» **Required action**
Set down, word for word, each line from the top of the data through the line that has "x 66 x 66 cm"; omit every picture.

(Information provided Opens)

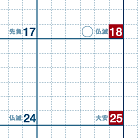 2004年版同様、大安吉日は、 月間カレンダーに載せております。 大事な日取りを決めるときなど、 「この日は大安だ」とか 「この日はあまり日取りがよくない」なんてことが、 1ヶ月ごとにぱっとわかって、とっても便利です。 また、“月の満ち欠け”は、 基本的に1日1ページの方に載っていますが、 “満月”は、やっぱり見れたらうれしいものなので、 月間カレンダーにも掲載しましたっ! |
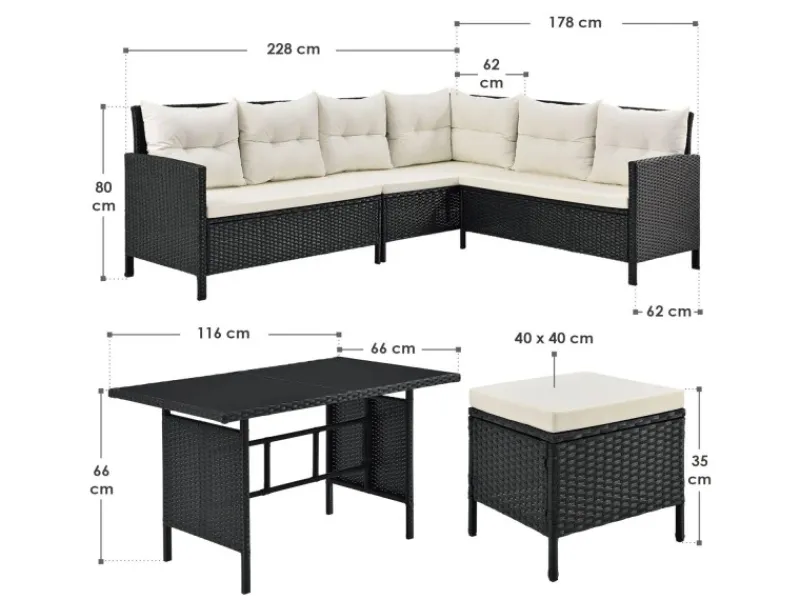 – Tisch (LxBxH): 116 x 66 x 66 cm
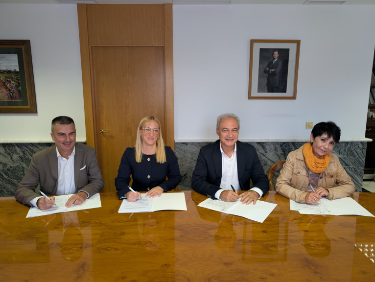 Esta mañana el alcalde de Utiel, Ricardo Gabaldón, ha firmado el convenio de colaboración de la campaña especial de reactivación del comercio local “Tarjeta Utiel Comercial” con los representantes de las entidades colaboradoras, AICU, Caixa Popular y Fundación Horta Sud.
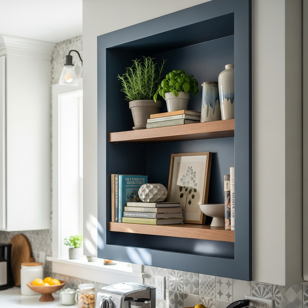 Create a bespoke architectural element by installing a small, recessed shelf nook in an empty wall space. Line it with a contrasting color or texture, and use it to display a single meaningful object, a small plant, or a tiny collection. This adds an element of custom design and a refined focal point, showcasing thoughtful detail.

(Information provided Closes)

» **Solved exercise**
 2004年版同様、大安吉日は、 月間カレンダーに載せております。 大事な日取りを決めるときなど、 「この日は大安だ」とか 「この日はあまり日取りがよくない」なんてことが、 1ヶ月ごとにぱっとわかって、とっても便利です。 また、“月の満ち欠け”は、 基本的に1日1ページの方に載っていますが、 “満月”は、やっぱり見れたらうれしいものなので、 月間カレンダーにも掲載しましたっ! |
 – Tisch (LxBxH): 116 x 66 x 66 cm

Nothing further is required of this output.